--- WHAT THE TASK ASKS ---
In the records that follow, find the line containing "tavola n. 4" and the line containing "Knytning av nett til klatrestativ!", then transcribe both and every line between them exactly, omitting pictures.

^^^^

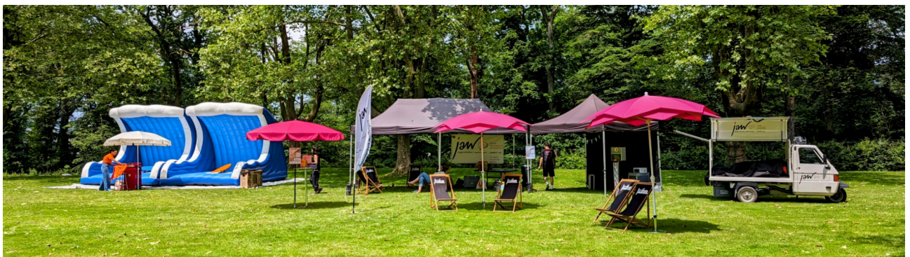
Bereit für die Gäste und das 50 jähriges Jubiläum im Gartenbad Wettingen

Ausserdem bot die «JAW-Erlebniswelt» zahlreiche Spielmöglichkeiten, unter anderem ein Vier-Gewinnt-Spiel in Menschengrösse, diverse Jonglier- und Ballspiele, eine Slackline und eine grossflächige «Chill-Out-Zone» mit bequemen Liegestühlen unter unseren pinken Sonnenschirmen. Die «JAW-Erlebniswelt» war die perfekte Oase für einen abenteuerreichen Sommertag in der Badi. Leider liess das Sommerwetter auf sich warten, weswegen die von uns erwünschten «Menschenmassen» ausblieben. Trotzdem durften wir den anwesenden Gästen ein breites Angebot präsentieren und ihnen ein Lächeln ins Gesicht zaubern.
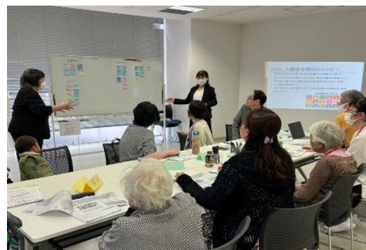
地域の課題から企画を考え、最終日には プレゼンテーションを体験します
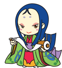
宇治市宣伝大使「ちはや姫」
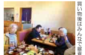
買い物後はみんなで昼食
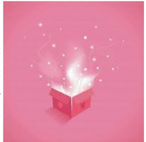
Chiếc hộp rỗng chứa đầy những nụ hôn của cô con gái chính là món quà vô cùng quý giá mà người cha luôn giữ bên mình
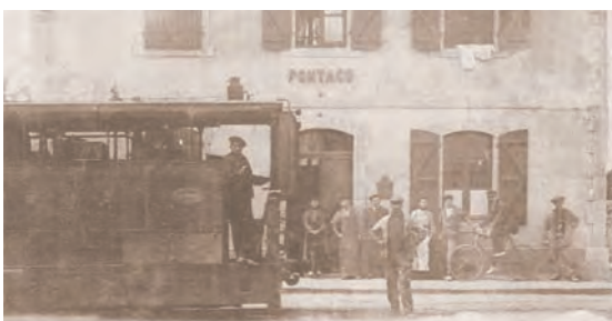
Devant la gare de Pontacq en 1904

Quelques années plus tard, notre commune qui bénéficiait d'une expansion industrielle importante, avait un besoin pressant de moyen de transport. Une nouvelle chance se présentait dans le cadre du réseau ferré secondaire. En 1890, parmi les lignes proposées, la commission des tramways retenait la ligne de Pau à Pontacq. Elle fut déclarée d'utilité publique le 4 avril 1896, fut ouverte au trafic des voyageurs d'Espoey le 10 novembre 1901 et de Pontacq le 3 février 1902. Véritable trait d'union entre le chef-lieu de canton et Pau, desservant toutes les communes situées sur son passage, ce nouveau moyen de locomotion reliait également les
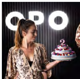
Kulturalna przestrzeń strona 20-21
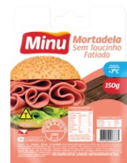
MORTADELA FAT.MINU S/G 150G C/20UN(4338) 1075
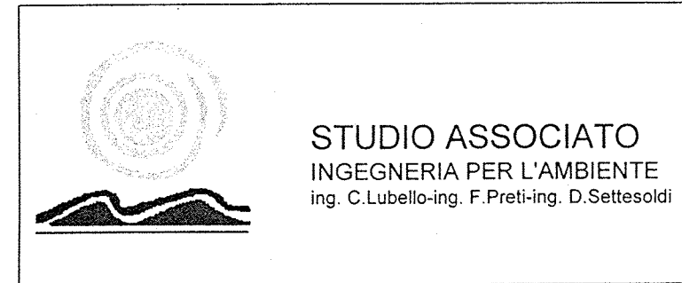
tavola n. 4

Progetto di: Ing. Claudio Lubello Ing. Lorenzo Conti
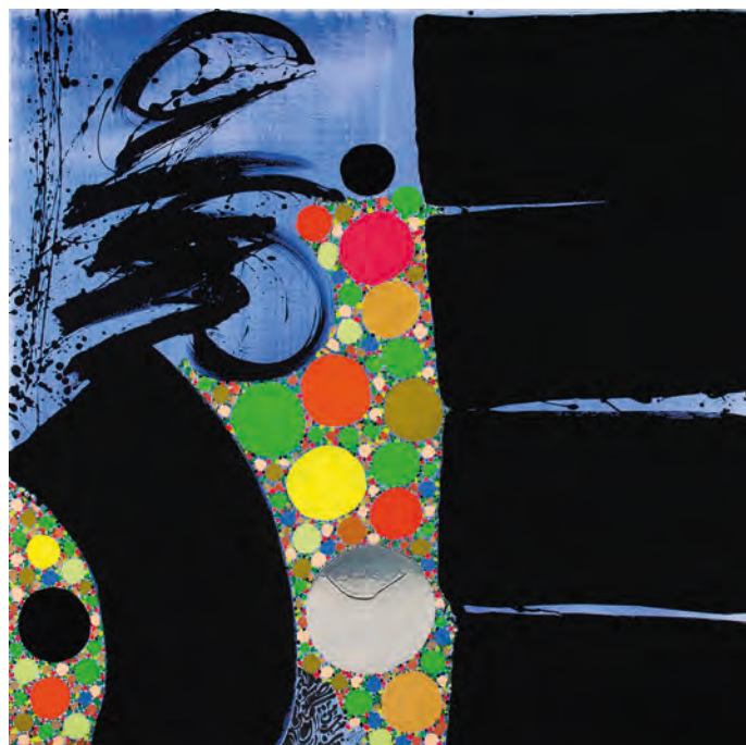
087-KAMOREBI 1 ULTRAMINE BLEU - 2023 Pigments naturels, Acrylique sur toile, 160x160 Lassaâd Metoui
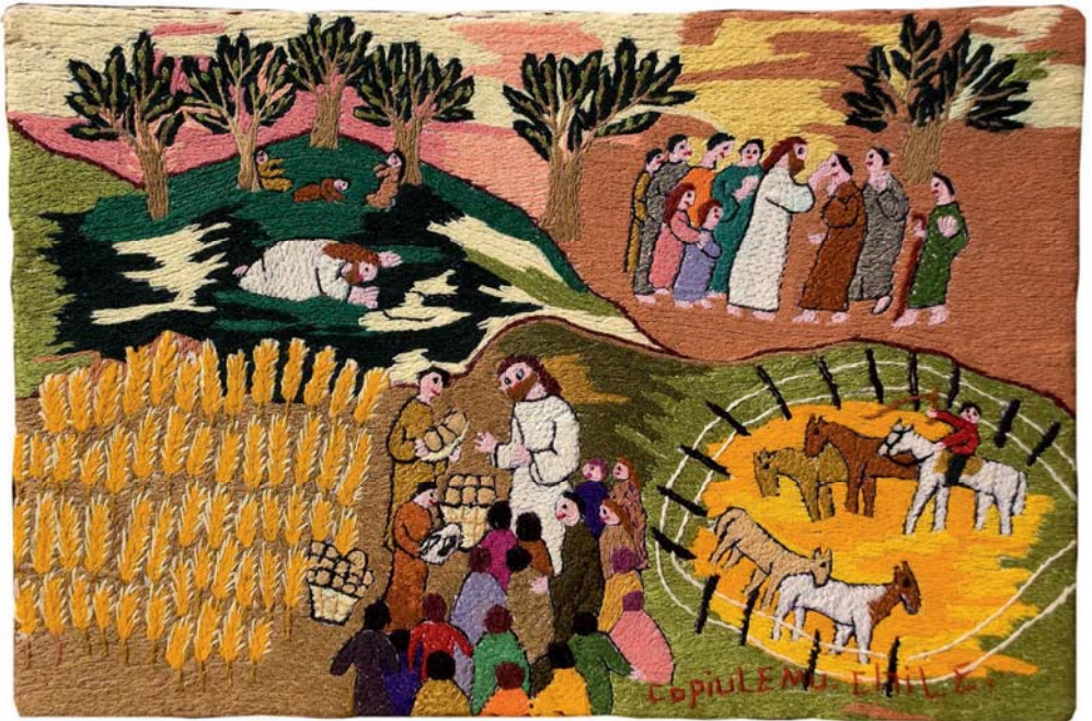
(Wandteppich) Hauptmotiv zum Weltgebetstag
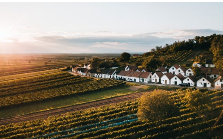
Kellergrasse Galgenberg
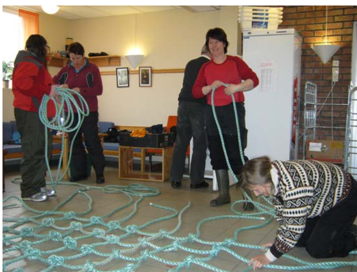
Knytning av nett til klatrestativ!
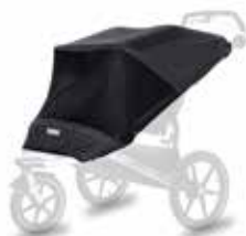
Protectora de red 20110719
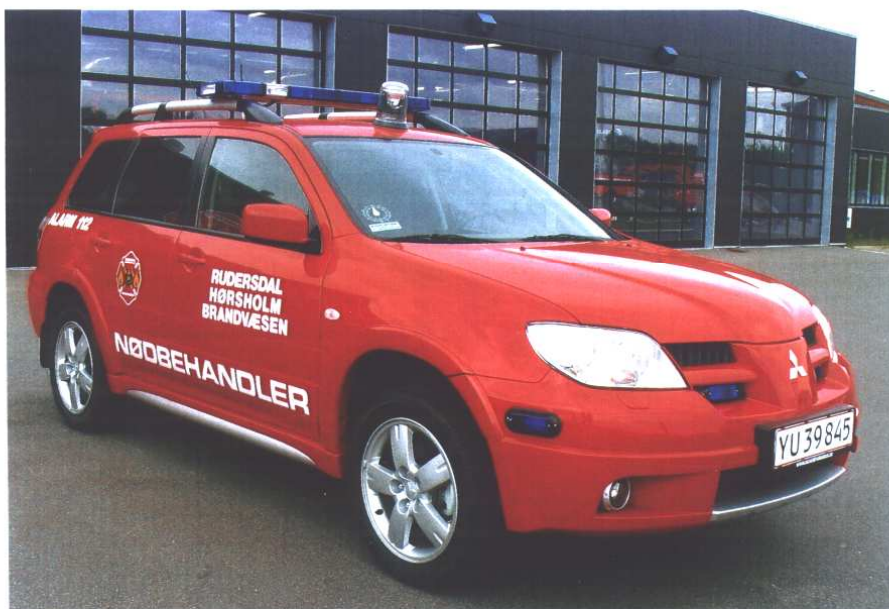
Rudersdal-Hørsholm Brandvæsen, station Hørsholm, akutenhed AE 1
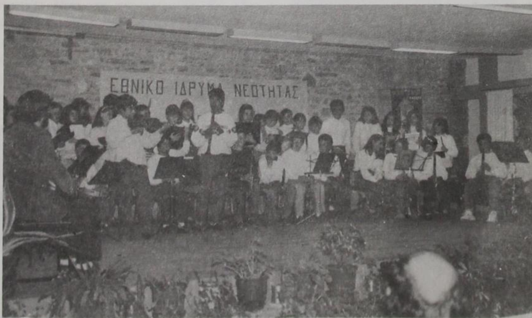
Μουσικό Γυμνάσιο Δολιανών
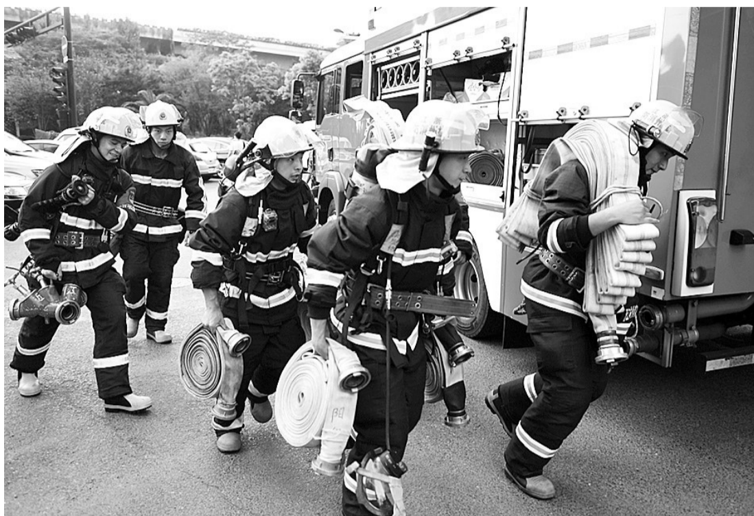
全副武装的消防员开始铺设高层水带

向指定位置奔跑过去。他们两人一组，配合十分娴熟，水带犹如一条条巨蟒，不断向大楼内延伸。
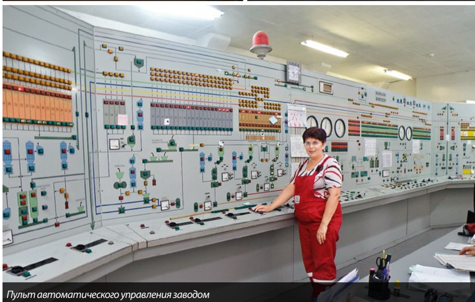
Пульт автоматического управления заводом
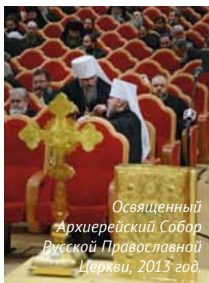
Освященный Архиерейский Собор Русской Православной Церкви, 2013 год.

года патриаршества патриарха Кирилла число архиереев увеличилось примерно на треть – сегодня их около 300. Работа собора начинается с доклада патриарха – это всегда самая полная (в том числе и статистическая) информация о состоянии дел в церкви. На заседаниях, кроме архиереев и узкого круга сотрудников
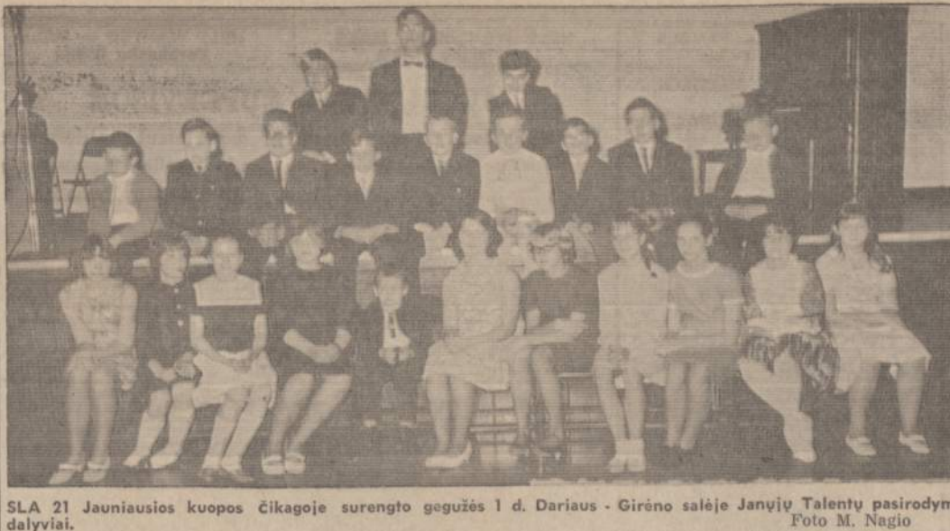
SLA 21 Jauniausios kuopos Čikagoje surengto gegužės 1 d. Dariaus - Girėno salėje Janųjų Talentų pasirodymo dalyviai.

SKAITYK PATS IR PARAGINK KITOS SKAITYTI NAUJIENAS

^^^^

--- RESPONSE TO THIS EXERCISE ---
tavola n. 4

Progetto di: Ing. Claudio Lubello Ing. Lorenzo Conti
087-KAMOREBI 1 ULTRAMINE BLEU - 2023 Pigments naturels, Acrylique sur toile, 160x160 Lassaâd Metoui
(Wandteppich) Hauptmotiv zum Weltgebetstag
Kellergrasse Galgenberg
Knytning av nett til klatrestativ!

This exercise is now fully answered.